Crude HFO-1234yf to which the purification method of the present invention is applied is, for example, R40 and a fluorine-containing compound that can be thermally decomposed to generate F ₂ C :, for example, R22, tetrafluoroethylene (TFE), HFP, From a reaction product obtained by a synthesis method of HFO-1234yf accompanied by thermal decomposition with octafluorocyclobutane (RC318), CTFE, trifluoroethylene (HFO-1123), hexafluoropropylene oxide (HFPO), etc., by distillation or the like It can be obtained by fractionating a fraction comprising a mixture of HFO-1234yf, fluorine-containing compound (A) and R40 or a fraction comprising the mixture as a main component.
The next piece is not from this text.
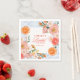 Inspired by the beauty of an Italian summer celebration, these citrus themed bridal shower napkins bring together bright orange tones and elegant Mediterranean blue tiles to create a sophisticated yet playful party aesthetic. The design featuring spritz cocktail glasses, citrus oranges, and blooming florals pairs beautifully with an Aperol spritz bar, Mediterranean themed tablescape, or citrus garden bridal shower.
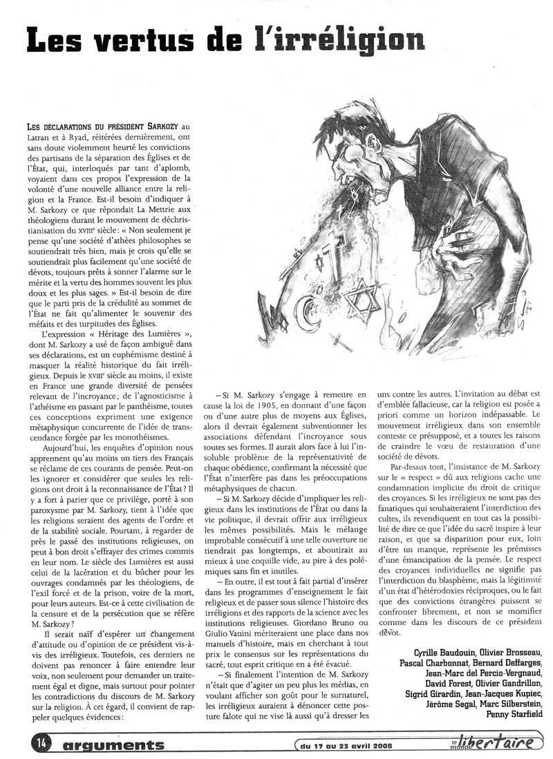 14. "Les vertus de l'irréligion", Le Monde libertaire, 17-23 avril 08, p. 14 (article collectif cosigné) |

  Crude HFO-1234yf obtained by the method for synthesizing HFO-1234yf accompanied by thermal decomposition can contain all of the fluorine-containing compound (A) shown in Table 1 above. When the crude HFO-1234yf thus obtained is used as it is or as a composition for distillation with the addition of R40, other compounds other than HFO-1234yf, the fluorine-containing compound (A) and R40 as described above. May be contained within a range not impairing the effects of the present invention.

  Specific examples of other compounds include R22, TFE, RC318, HFO-1123, HFPO, heptafluoropropane, chlorodifluoroethylene, 1,1-difluoroethylene (HFO-1132a), chloroethylene, chlorotetrafluoroethane ( HCFC-124), chlorofluoromethane (HCFC-31), difluoromethane (HFC-32) and the like. In addition, from the viewpoint of efficiently purifying HFO-1234yf, the content of other compounds in the distillation composition is preferably less than 90 mol%, and more preferably less than 70 mol%. Many of the other compounds are compounds having a large boiling point difference from HFO-1234yf and the fluorine-containing compound (A), and can be easily separated in advance by ordinary distillation before performing the purification method of the present invention.

  As crude HFO-1234yf applicable to the purification method of the present invention, in addition to the above, for example, crude HFO obtained when producing HFO-1234yf using an isomer mixture of dichloropentafluoropropane (HCFC-225) -1234yf.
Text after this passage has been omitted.